_Work to complete:_
From the line containing "The Blind Side will" through the last line of the records below, each line is to be repeated exactly; pictures are to be omitted.

--- Given data Enclosed Below ---

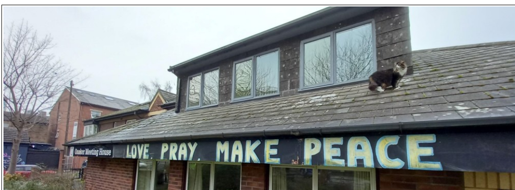
Image of signboard at Central Leeds Meeting House

The meeting closed in a period of stillness.
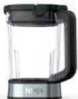
Power Pitcher with Lid
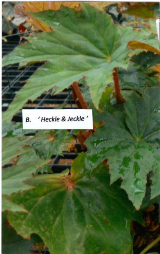
B. 'Heckle & Jeckle'
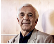
Vladimir Ashkenazy Conductor Laureate
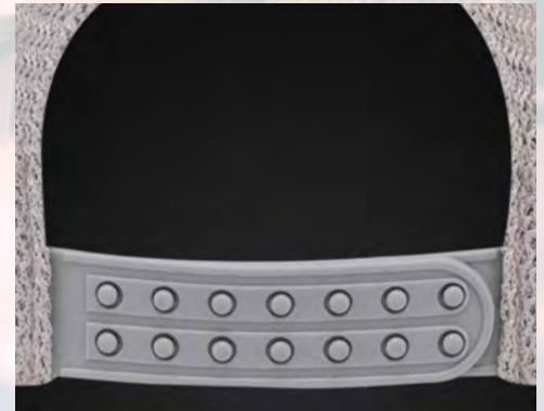
DOUBLE ROW SOFT PLASTIC BACK STRAP
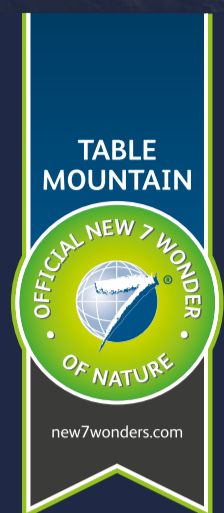
TABLE MOUNTAIN WAS VOTED ONE OF THE NEW 7 WONDERS OF NATURE IN 2011.

The height of Table Mountain at its highest point, Maclear's Beacon , is 1 085m above sea level .
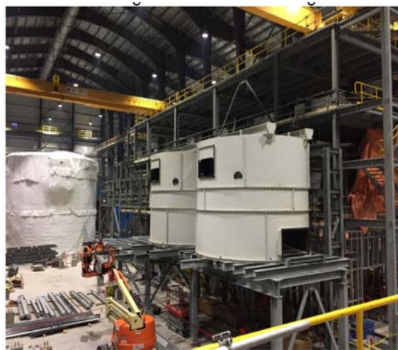
Installation of Rougher Cells in the Mill Building
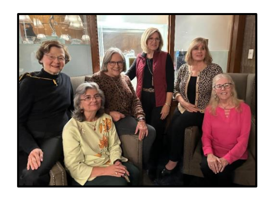
Group from New Jersey
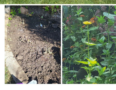
Left: Oxeye sunflower (Heliopsis helianthiodes) surrounded by 'Goldenblitz' Black-eyed Susans in my backyard.

Right: The first monarch butterfly I saw this year perched upon one of the zinnias I planted in the Butterfly Garden at Cleveland Botanical Garden.
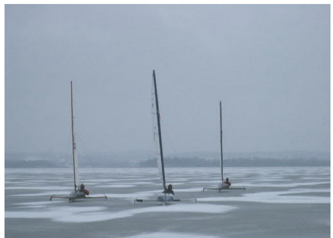
2004 Nite Nationals Lake Christina
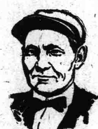
"An engineer's job is no joke, and he needs a tobacco that's got some hustle to it. I've tried em all and gone back to my first love-Tuxedo. There's nothing
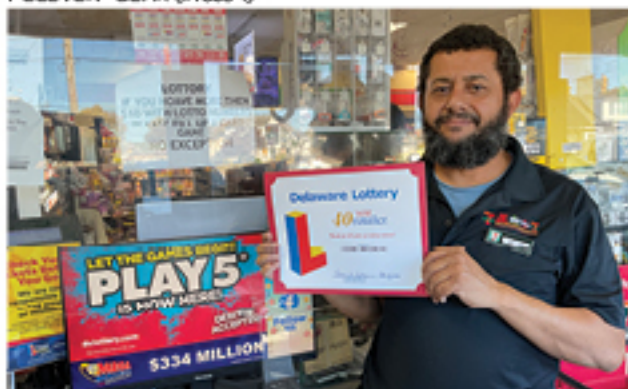
40 YEARS 7-ELEVEN - MARYLAND AVE (#11305)
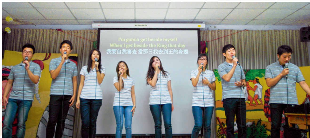
Golden Angels 9th group members sing during the local church crusade in Taiwan

seven precious souls willingly offered their entire lives unto the Lord on the Sabbath Day.
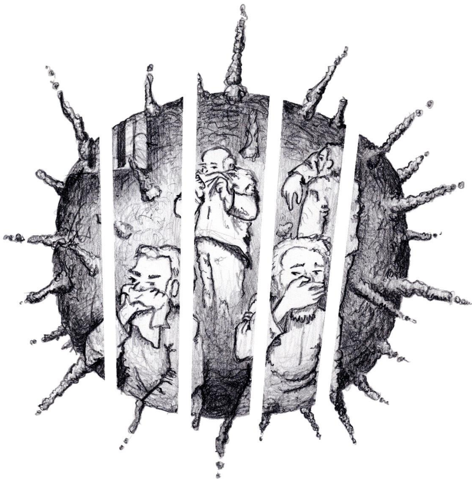
Preventive and protective measures.

“As far as our protection is concerned, it is the grace of God that protects us. We only have a few gloves and masks... What we were given was very insufficient. While we use the materials economically, that is to say one glove instead of two to do the searches, it wears out in a few days [but] we manage as best we can.” 74
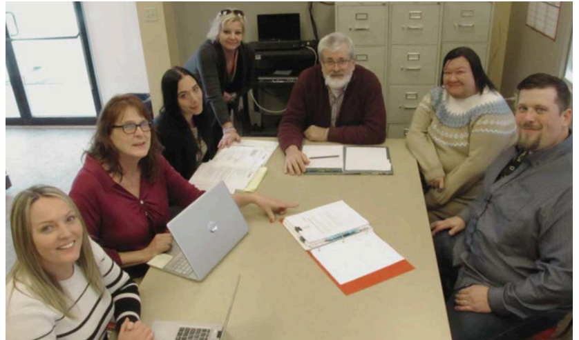
Workforce Team Meeting
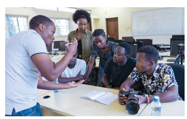
Miraisha students on a photography and film workshop in Mombasa, Kenya

In 2023, 300 people participated, bringing the total to 7,000 participants trained. Canon has also organized a training program to develop local photographers and videographers as Canon-accredited trainers for the Miraisha Programme. By 2023, a total of 25 Canon Certified Miraisha trainers were working throughout Africa, three of whom were recruited as Canon Group employees.
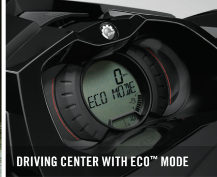
DRIVING CENTER WITH ECO™ MODE
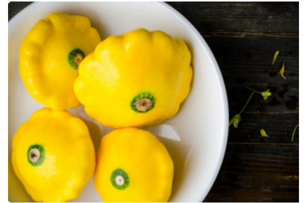
Lemon Sun Patty Pan Squash
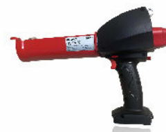
BATTERY GUN FOR BETAMATE 2810

Product No. 24100364 Suits 580ml set (Betamate 2700 & X2800)
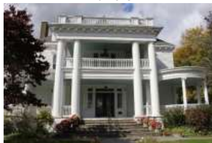
The front of The Columns
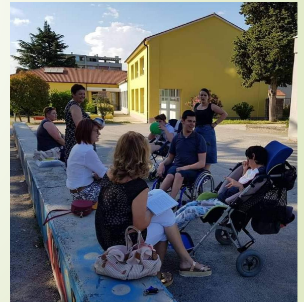
In front of the school „Liče Faraguna”
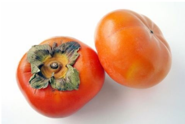
Figure 9. 'Jiro' cultivar.

season is mid-October through mid-November. 'Jiro' is recommended.
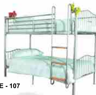
VE - 107
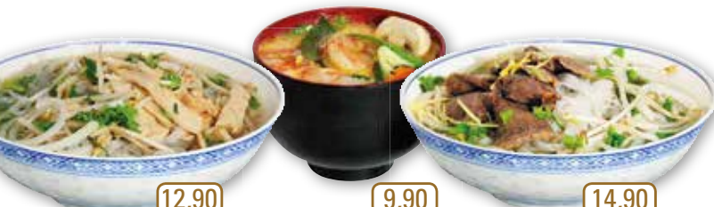
131 Pho-ga (Hanoi): big noodle soup with chicken 12,90
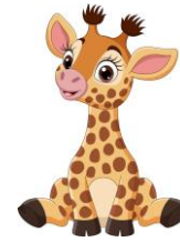
Geraldine the Giraffe

Well done to Miss Simpkin's class in EYFS for attaining 100% attendance in week 9. Amazing!
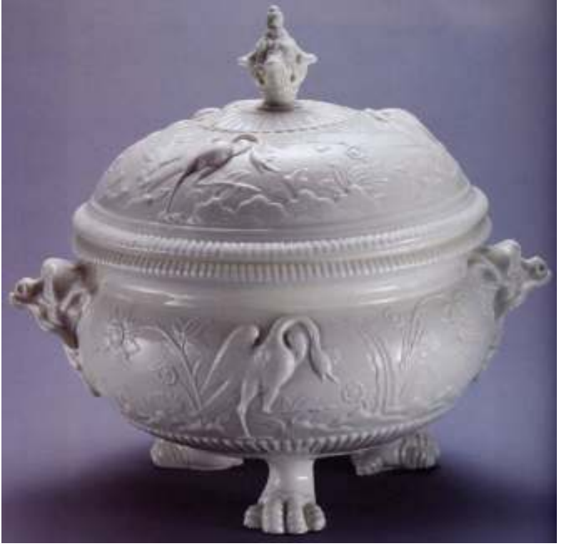
5. Saint Cloud tureen with mask handles, circa 1725, Musée des Arts Decoratifs
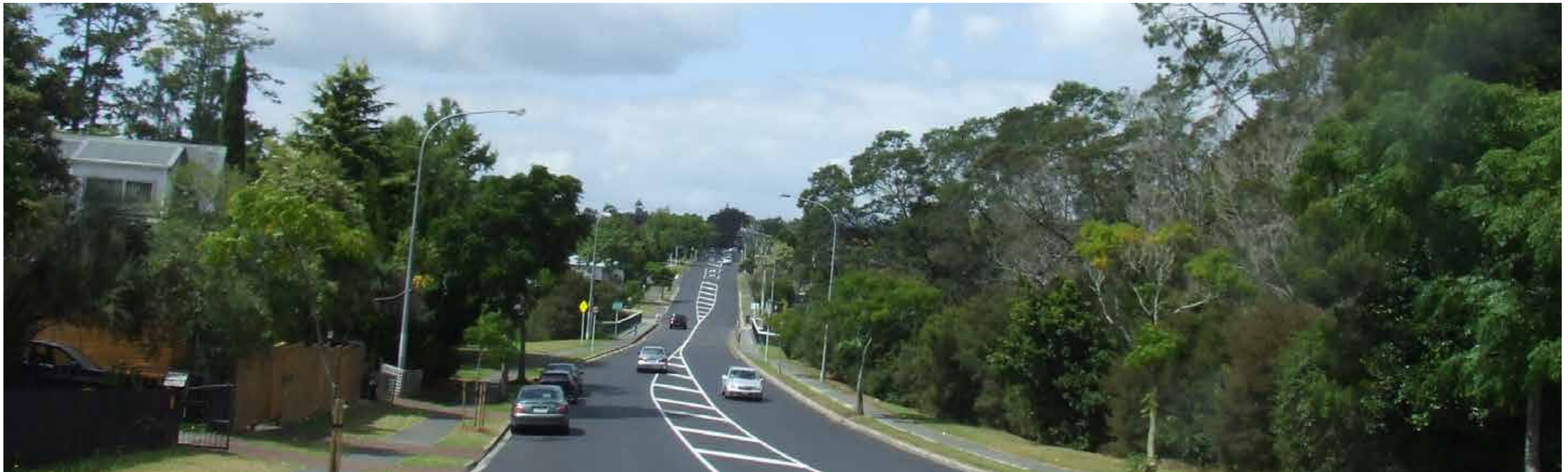
6. View along Palomino Drive including Opanuku Stream
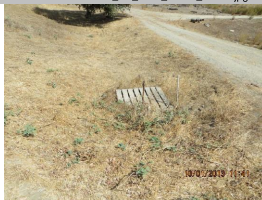
Slide gate in CMP riser on WS slope.
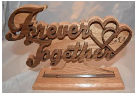
Forever Together Sign - Tom Olson Walnut & Oak - Deft
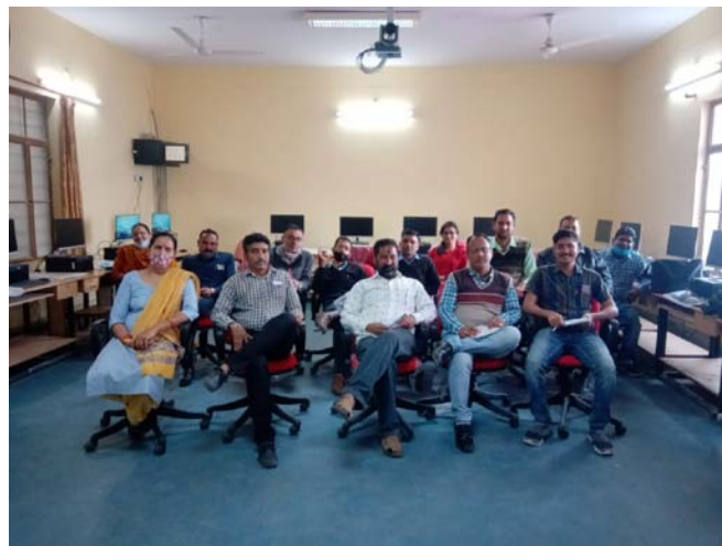
SDP Phase I: Non-teaching staff during theory class

The first batch of this SDP was organized from 03-24 March 2022.
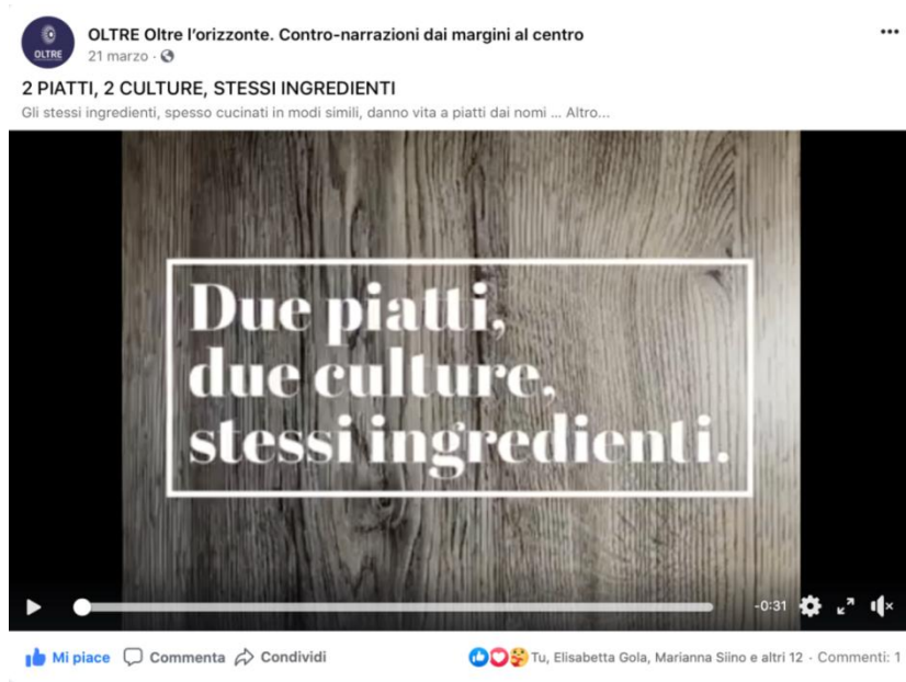
Figure 4. Two dishes, two cultures, the same ingredients, https://www.facebook.com/watch/?v=522285235151784 .

identification of a common enemy (trolls, nationalists, racists) that discriminates on the basis of multiple aspects (identity, religious, cultural, economic, racial). In this way, a possible path of partial integration is started, which could anticipate, however, a “us” that consolidates against someone. The post in Figure 5 is an example of where it is the others who build labels and categorizations and we, therefore, can create a unified front against the others, thus “cancelling out”, for the moment, the differences.
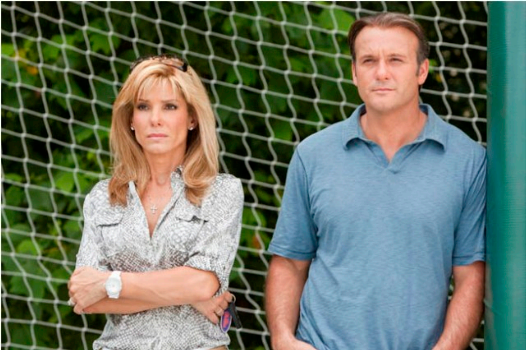
The Blind Side will be released on DVD and Blu-ray on March 23rd, 2010..

We’ll get to the Blu-ray details but we should discuss the quality of the film itself. Unlike a lot of critic friends, I can see the charm of “The Blind Side”. It’s an old-fashioned crowd-pleaser that allows people to feel good about their fellow man. Yes, there may be difficult sections of the country, but we can all sleep better at night knowing there are people like Leigh Anne Tuohy out there to save the day.
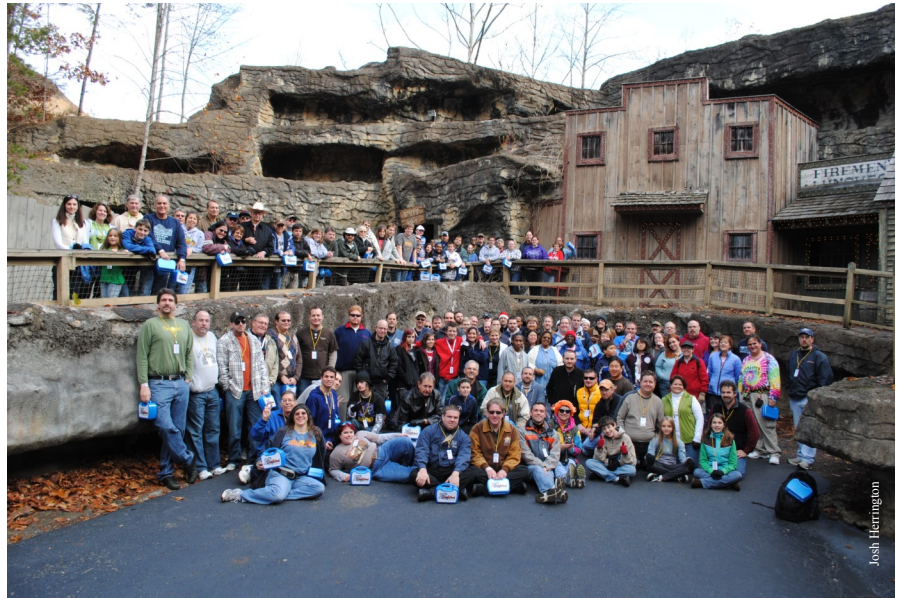
The group gathers at Blazing Fury for the group photo before being released upon the park!

When darkness begins to fall in the hills of the Smokies, Dollywood becomes a Christ-
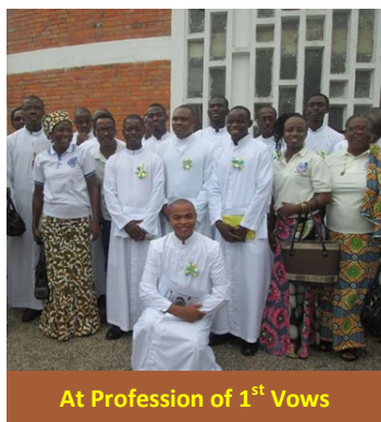
At Profession of 1 st Vows
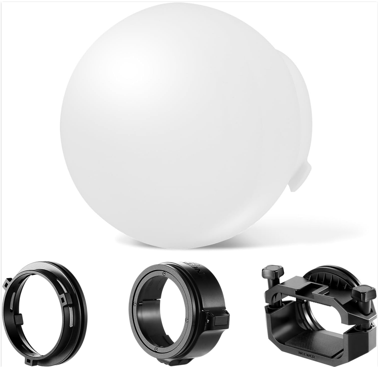
Image: The NEEWER CRS6 Softbox Diffusion Dome shown with its three versatile adapter rings.
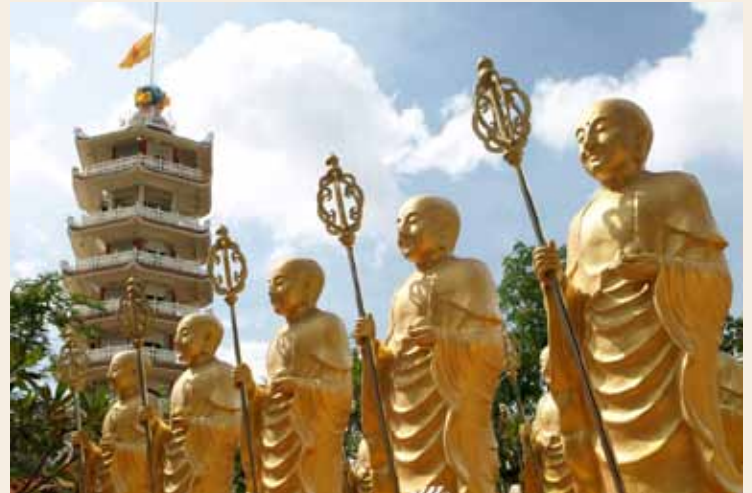
A Chinese temple in Songhla
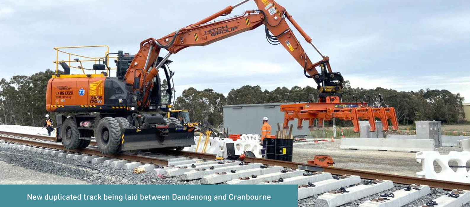
New duplicated track being laid between Dandenong and Cranbourne

--- End of Enclosed Given data ---

_Response to the exercise:_
The Blind Side will be released on DVD and Blu-ray on March 23rd, 2010..

We’ll get to the Blu-ray details but we should discuss the quality of the film itself. Unlike a lot of critic friends, I can see the charm of “The Blind Side”. It’s an old-fashioned crowd-pleaser that allows people to feel good about their fellow man. Yes, there may be difficult sections of the country, but we can all sleep better at night knowing there are people like Leigh Anne Tuohy out there to save the day.
The group gathers at Blazing Fury for the group photo before being released upon the park!

When darkness begins to fall in the hills of the Smokies, Dollywood becomes a Christ-
At Profession of 1 st Vows
Image: The NEEWER CRS6 Softbox Diffusion Dome shown with its three versatile adapter rings.
A Chinese temple in Songhla
New duplicated track being laid between Dandenong and Cranbourne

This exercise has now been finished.